3- ne yapıp edilecek, maça giremeyen profesyonel taraftarın girmesi sağlanacak. en az 5.000 kişinin daha olmalı.
4- maça, leo- sabri, hakan balta, emre güngör, caner- ayhan, lukas, elano- keyta, baros, arda ile çıkılacak.
maç taktiği; oyun kaleciden başlayacak. kaleci topu kesinlikle elle oyuna sokacak. ilk devre ayhan, ikinci devre barış oynayacak. önceden anons edilecek bu durum. ayhan yarım devre kanının son damlasına kadar koşup, ilk yarı bitiminde 20 metre koşacak dermanı kalmayacak. aynı şeyler, ikinci yarıda barış için geçerli olacak. sıradan bir galibiyet bu durumda taraftarı kesmez, evire çevire yenmek lazım bu saatten sonra. maçın başında seyirci gazıyla çullanılacak, gol bulunduğu zaman, sanki biz yemişiz kabul edilecek. ikinci için fazla vakit kaybedilmeyecek. velev ki ikinciyi bulduk bulur bulmaz, biri feda edilecek jo oyuna girecek. nefes bile aldırmadan hezimete gidilecek.
olmadı, golü biz yedik o zaman kaleci oyundan çıkarılacak. aykut'a gol yemek serbest olacak. jo ve el çiko dahil bütün yabancılar sahada olacak. ya herro ya merro düzenine geçilecek. nasıl olsa takımın başında karizmatik sistem adamı reykart yok, ben varım.

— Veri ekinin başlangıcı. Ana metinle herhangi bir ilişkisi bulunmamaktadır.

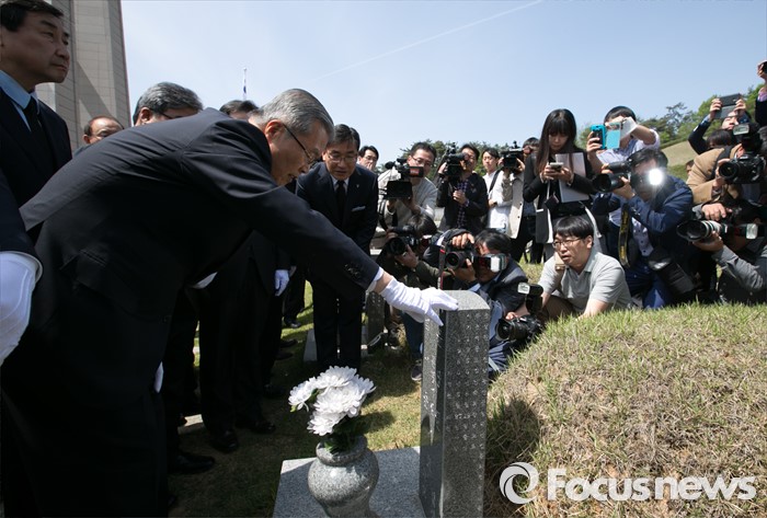 (광주=포커스뉴스) 김종인 더불어민주당 비대위 대표가 25일 오전 광주 북구 국립 5·18민주묘지를 방문해 20대 총선 당선인 및 광주·전남지역 낙선 인사들과 열사 묘역을 둘러보고 있다.
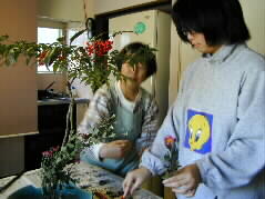 | お正月のお花を生けました。南天や菊を使ってリリアンさんも生けてみました。 |  |

maçı kafamızdan böyle oynuyoruz işte. her büyük maçı olduğu gibi. ne yazık ki, biz sıradan çapulcu bir taraftarız. yarın yönetim yeniden seçilmiş olacak, galatasaray'ın yeni sahipleri belli olacak. bu söylediklerimizin hiç biri olmayacak. elden geldiğince her iki takım kazmaları sahada olacak. maçın başında yapılacak saygı duruşunun saygısı 10. dakikada son bulacak. bizim kazmalarla, onların kasapları arasında 90 dakika boyunca gelişi güzel dolaşacak olan topun canı kimi istemişse tabela onun adını yazacak. belki de ikisini birden cezalandırıp, hadiyin lan, bunca yatırıma, bunca taraftara, hileye dolapa rağmen şu bursa'nın yarısı kadar bile olamadınız diyecek.
yani çocuklar, ben bu maçtan hiç bir şey beklemiyorum, tam bir türkcell langırt ligi maçı olur. ve ben bir kez daha hiç heyecanlanmadan bir fener maçı izlemiş olurum.